**ASSIGNMENT**
Without the pictures, give the entries below again exactly as written.
━━━
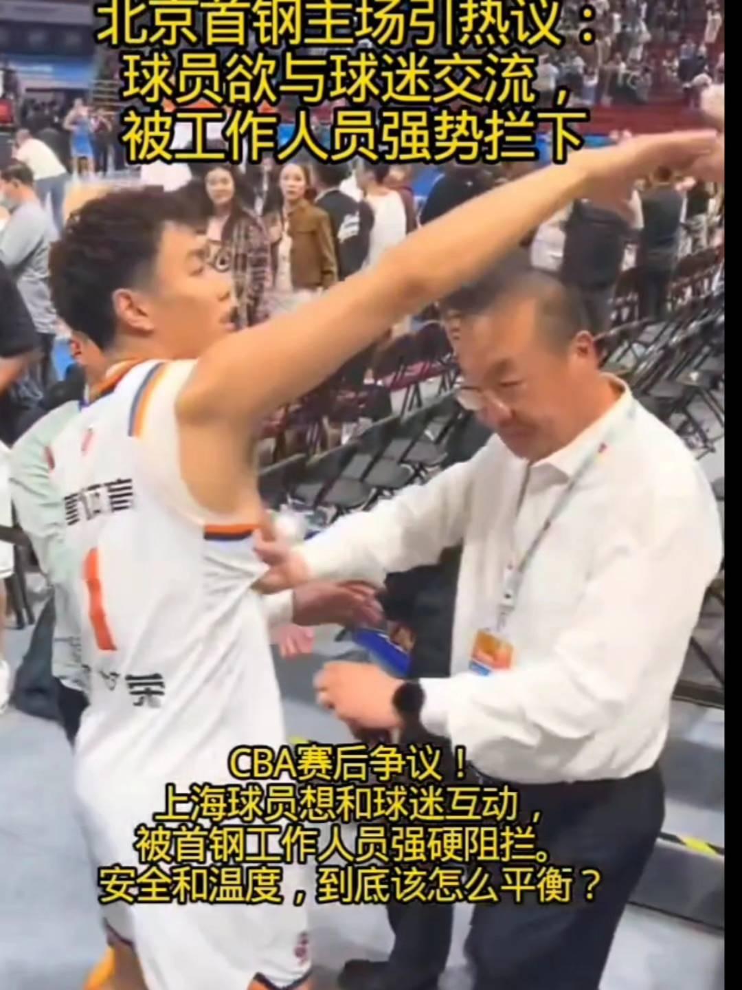 北京首钢主场引热议:球员欲与球迷交流,被工作人员强势拦下。 CBA赛后争议:上海球员想和球迷互动,被首钢工作人员强硬阻拦。安全和温度到底该怎么平衡?
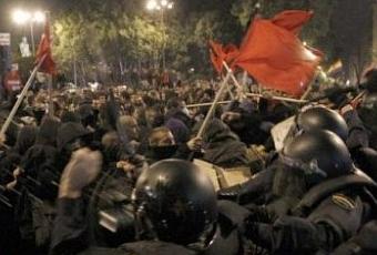 Una cosa no quita a la otra. La actuación policial ayer fue denunciable, abusiva, intolerable. Lo más extraño fue que no vimos ni un contenedor en llamas y en cambio casi 30 detenidos. Por suerte hubo videos de lo sucedido para que todo quedase retratado para la posteridad. Por cierto, en la foto que he puesto en el post, qué coño son esas banderas rojas que aparecen? Encapuchados con banderas desconocidas, que las usan para atacar a la policía y que busca su respuesta para atacar a los manifestantes. O me he vuelto gilipollas o esos son policías infiltrados que buscaron reventar la manifestación como ya pasó en el #15M.
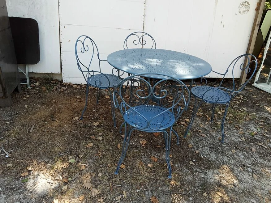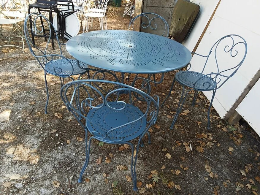 Salon de jardin en fer forgé comprenant une table ronde, diamètre 96cm et 4 fauteuils, largeur 50cm, profondeur 37cm, hauteur 87cm.
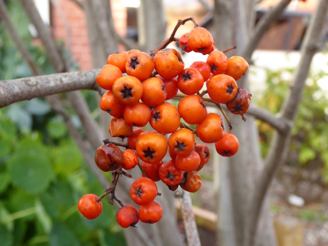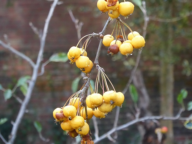 On the way back to the station we looked for flowering plants on the pavement and in front gardens. The winter-flowering shrubs Laurustinus and Jasmine were starting to bloom. In Sandlea Park there were no nuts left on the Almond tree, but there were Rowan berries and yellow Crab Apples remaining on the thinnest branches for birds agile enough to reach them.
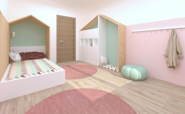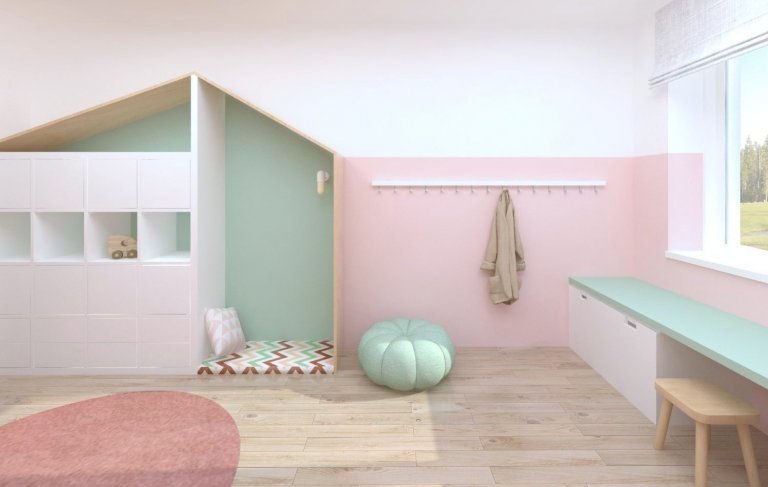 Dětský pokoj pro malou holčičku se rodiče rozhodli zařídit v oblíbené růžové barvě. Pokojíček pro předškolačku je vybaven zejména levnějším kupovaným nábytkem, aby bylo možné jej s přibývajícím věkem dcery obměňovat podle aktuálních potřeb. Pokoj byl navržen v jemných pastelových tónech, které se snadno kombinují. Místnost poskytuje útulné místo pro odpočinek, skříňky na hračky, velkorysou pracovní plochu pro tvoření a zejména dostatek volného prostoru na hraní.
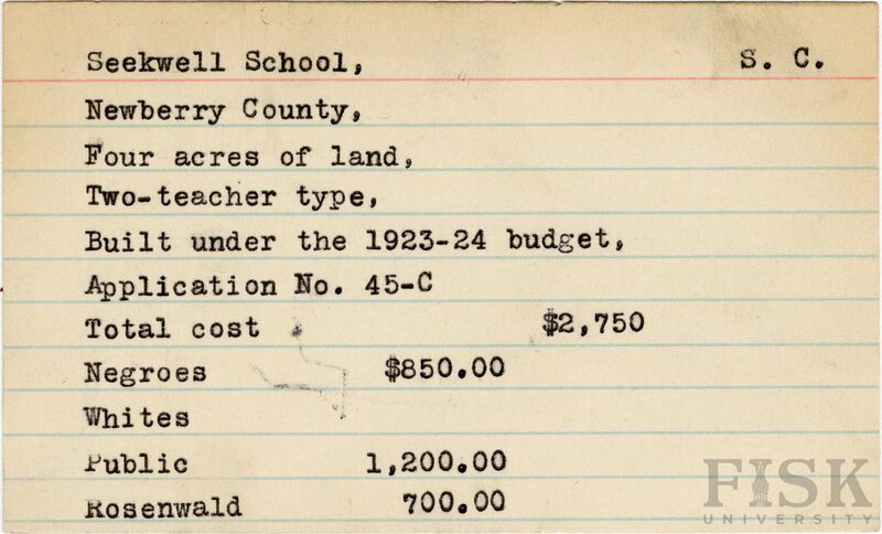 School card from Rosenwald Fund for Seekwell School in Newberry County, South Carolina
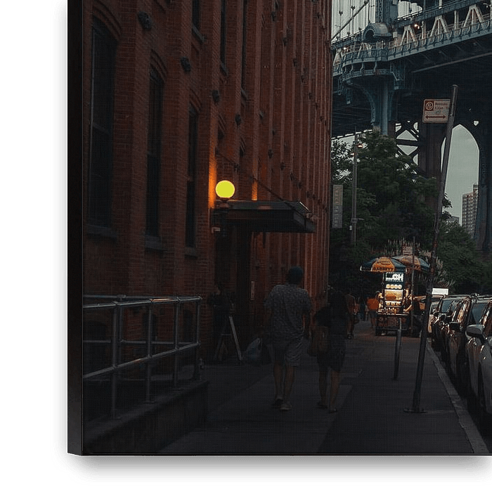 Achetez cette photo La vie de la rue new-yorkaise dans le décor emblématique du pont par NZME Photography sur toile, aluminium, ArtFrame ou photographie (encadrée), impression d'art en haute qualité et tout format.
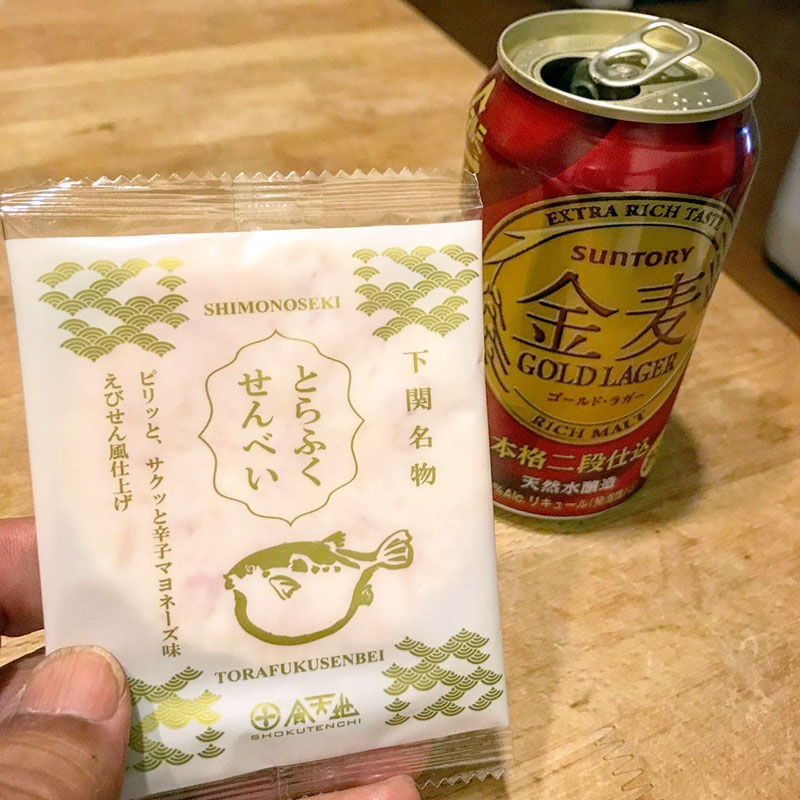 山口旅行のお土産、とらふくせんべいで金麦。これ絶対お茶より日本酒かビールのお供として作ってると思う。ビールに美味しい。ごちそうさま!!
━━━
**ANSWER SPACE**
 北京首钢主场引热议:球员欲与球迷交流,被工作人员强势拦下。 CBA赛后争议:上海球员想和球迷互动,被首钢工作人员强硬阻拦。安全和温度到底该怎么平衡?
 Una cosa no quita a la otra. La actuación policial ayer fue denunciable, abusiva, intolerable. Lo más extraño fue que no vimos ni un contenedor en llamas y en cambio casi 30 detenidos. Por suerte hubo videos de lo sucedido para que todo quedase retratado para la posteridad. Por cierto, en la foto que he puesto en el post, qué coño son esas banderas rojas que aparecen? Encapuchados con banderas desconocidas, que las usan para atacar a la policía y que busca su respuesta para atacar a los manifestantes. O me he vuelto gilipollas o esos son policías infiltrados que buscaron reventar la manifestación como ya pasó en el #15M.
 Salon de jardin en fer forgé comprenant une table ronde, diamètre 96cm et 4 fauteuils, largeur 50cm, profondeur 37cm, hauteur 87cm.
 On the way back to the station we looked for flowering plants on the pavement and in front gardens. The winter-flowering shrubs Laurustinus and Jasmine were starting to bloom. In Sandlea Park there were no nuts left on the Almond tree, but there were Rowan berries and yellow Crab Apples remaining on the thinnest branches for birds agile enough to reach them.
 Dětský pokoj pro malou holčičku se rodiče rozhodli zařídit v oblíbené růžové barvě. Pokojíček pro předškolačku je vybaven zejména levnějším kupovaným nábytkem, aby bylo možné jej s přibývajícím věkem dcery obměňovat podle aktuálních potřeb. Pokoj byl navržen v jemných pastelových tónech, které se snadno kombinují. Místnost poskytuje útulné místo pro odpočinek, skříňky na hračky, velkorysou pracovní plochu pro tvoření a zejména dostatek volného prostoru na hraní.
 School card from Rosenwald Fund for Seekwell School in Newberry County, South Carolina
 Achetez cette photo La vie de la rue new-yorkaise dans le décor emblématique du pont par NZME Photography sur toile, aluminium, ArtFrame ou photographie (encadrée), impression d'art en haute qualité et tout format.
 山口旅行のお土産、とらふくせんべいで金麦。これ絶対お茶より日本酒かビールのお供として作ってると思う。ビールに美味しい。ごちそうさま!!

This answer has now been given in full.